The three cars in this test are all designed to excel in the city, but they couldn’t be more different. While the Smart is unique and the i is Mitsubishi’s take on the very specialist Japanese micro car, the Panda is a more traditional European offering that delivers practicality, yet has a sense of fun.
And if there’s one firm that can claim to be the king of the populist small car, it’s Fiat – models such as the 500 and original Panda were hugely successful. The latest Panda is no different. With its boxy but charming and classless looks, it has picked up a host of awards, including Supreme Champion at our 2004 New Car Honours.
Wider than both its rivals, it’s actually shorter than the i, but with bigger overhangs front and rear its footprint on the road is far more conventional.

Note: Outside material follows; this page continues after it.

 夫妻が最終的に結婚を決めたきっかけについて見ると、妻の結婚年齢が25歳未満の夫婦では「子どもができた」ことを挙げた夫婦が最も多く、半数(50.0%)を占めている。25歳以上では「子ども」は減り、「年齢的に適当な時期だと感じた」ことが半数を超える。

However, it’s still small enough to be as usable in town – in fact, excellent all-round visibility and a tight turning circle mean it never feels less suited to urban life than its competitors.
The driving position is good, and the Panda is the only car to have rake adjustment on the steering wheel. Fiat does charge £80 for a height-adjustable driver’s seat, however! All of the controls are laid out in a simple and straightforward manner, while the dash-mounted gearlever is perfectly placed. The interior plastics look and feel cheap compared to the other cars in this test, but the build quality – while not up to Smart standards – is fine. There’s a certain utilitarian charm about the workmanlike cabin.

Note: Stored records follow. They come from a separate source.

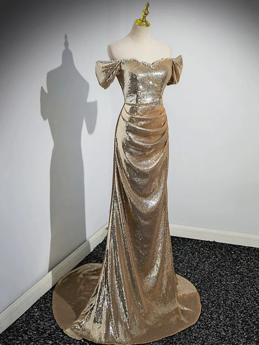 Gold Sequins Floor Length Prom Dress, Mermaid Off the Shoulder Evening Party Dress HZ1024
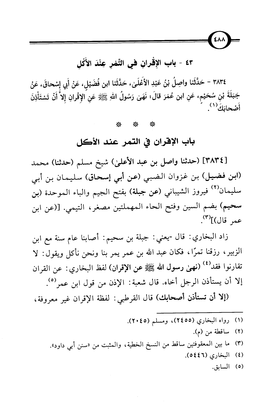 زاد البخاري: قال -يعني: جبلة بن سحيم: أصابنا عام سنة مع ابن الزبير، رزقنا تمرًا، فكان عبد اللَّه بن عمر يمر بنا ونحن نأكل ويقول: لا تقارنوا فقد (¬4) (نهى رسول اللَّه -صلى اللَّه عليه وسلم- عن الإقران) لفظ البخاري: عن القران إلا أن يستأذن الرجل أخاه. قال شعبة: الإذن من قول ابن عمر (¬5).
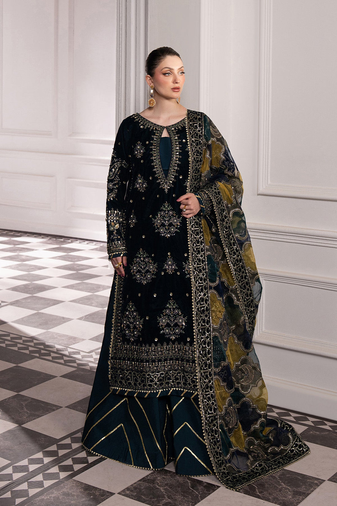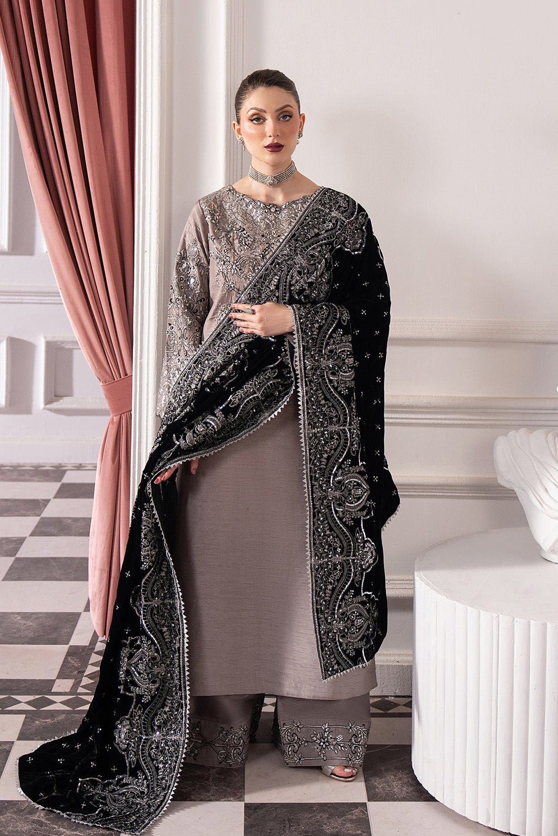 Embroidered Silk Front With Ada WorkPlain Silk BackEmbroidered Sleeves With Ada WorkEmbroidered Velvet Shawl (Ready-to-Wear)Dyed...

It’s the 1.3-litre Multijet diesel engine that really makes the Panda so appealing. Peak torque arrives at 1,500rpm, so unlike its small capacity petrol rivals in this test, it doesn’t need to be worked hard to deliver power. Acceleration in-gear is therefore smoother and more immediate, and once you add in the 52.2mpg economy of this small oil-burner – it’s the most frugal car Auto Express has ever tested – the Panda is certainly at its best with the Multijet under the bonnet.
And while it did record higher noise figures at idle and low speed, once cruising, the motor is the least intrusive. More importantly, the
character of the engine makes nipping in and out of city traffic simple, especially as the manual gearbox has a light and easy action.
In fact, with the City button pressed – which makes the already light steering even easier to twirl – and a manual gearbox, the Panda is by far the easiest of this trio to squeeze into tight parking spots. It copes quite well out of town, too, being the most stable on motorways, while a soft suspension set-up means that the Fiat rides very smoothly.
The damping soaks up imperfections well and it remains much more composed than the Smart. The flipside is that in corners there’s plenty of body roll. However, the steering is precise, and the nose loses grip progressively, so on the whole it is more reassuring and competent than either of its rivals.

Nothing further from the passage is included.